A host of new artefacts are now on display at Keighley’s Cliffe Castle Museum, which is reopening its doors following a year-long refurbishment.

Among the new items unveiled next Saturday are an ancient burial urn discovered in Stanbury, a sea turtle served to distinguished guests at one of Keighley’s first Mayoral functions and a portrait of Queen Victoria.

Cliffe Castle was built by Keighley industrialist Henry Butterfield in the 1870s, and for years stood as one of the district’s most grand homes. In the 1950s Sir Bracewell Smith bought the house and turned it into a building and art gallery for the people of Keighley.
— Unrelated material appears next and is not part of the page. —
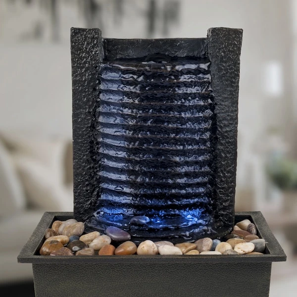 The soothing water sounds, contemporary look, and lighting ambiance of the Stone Wall Mini Fountain by Pure Garden will bring tranquility, relaxation, and modern beauty to your living or working area. The indoor waterfall features a polyresin construction for durability, LED lights, and a pump with a maximum flow of 47 gallons per hour. Whether you use this desk fountain as decoration in your office or on a tabletop in your home, this lighted waterfall fountain is sure to bring an environment of peace and serenity, while leaving an elegant lasting impression.IMPORTANT: Pure Garden is committed to providing the consumer with the absolute best price and value on all of our products. NOTE: This is an exclusive product of Pure Garden and ONLY Indoor Water Fountains by Pure Garden are GUARANTEED to be genuine. Avoid buying counterfeit products and transacting with unauthorized sellers.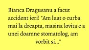 "Am facut un mic accident ieri. Ceva usor. Am luat o curba mai la dreapta, era o strada foarte stramta, era si o masina parcata acolo. Am zgariat un pic masina mea si un pic masina cealalta! A fost o zgarietura, se repara, tabla e tabla", a povestit Bianca Dragusanu astazi, in emisiunea ei de la Kanal D, scrie WOWbiz.ro.

It adopted many of the exhibits from its predecessor, Keighley Museum. Owned and run by Bradford Council, the building shut last April for a major refurbishment including a complete electrical re-wiring.

During this work, grand chandeliers and stained glass windows were cleaned and restored, walls were re-painted to their original colours and 3,000 sheets of 23 half carat gold leaf were used to return the inside to how it would have looked in the Victorian era.

Paintings that hung in its grand rooms have been returned thanks to Dr Richard and Lady Rozelle Raynes, descendents of the Butterfields. One – of Queen Victoria – hasn’t been in the house since it became a museum in the 1950s. It was found by a museum worker in an antique shop in Nottingham.

The project cost £370,000, but many of the new items were donated to the museum.

The museum has retained its unique charm, while some rooms recreate the house’s past, others are packed with artefacts of Keighley’s history, while yet more rooms contain Egyptian statues, a bee hive and natural history exhibits.

Joining the museum’s famously quirky exhibits, which include a two headed sheep and Bloss, the earliest surviving specimen of an Airedale Terrier, is a sea turtle that was served as a meal at a mayoral ceremony in 1882 before being stuffed.

There is also a Stanbury Urn - a 4,000 year-old urn discovered buried at a Stanbury farm in 2007. The Bronze Age artefact contained human remains and a battle axe and has never been on display to the public.

Daru Rook, museum manager, said: “Keighley has been fiercely proud of its museums. For a small town it is astonishing it has such a large museum.”

Kirsty Giskin, assistant curator, said: “There are new displays and lots of things that that have never been seen in the museum before. It is exciting for us to be finally opening again and to allow people in to see these collections again.”

The museum will soon be complemented by a £4.5 million project to restore the building’s surrounding parks and gardens to their Victorian splendour.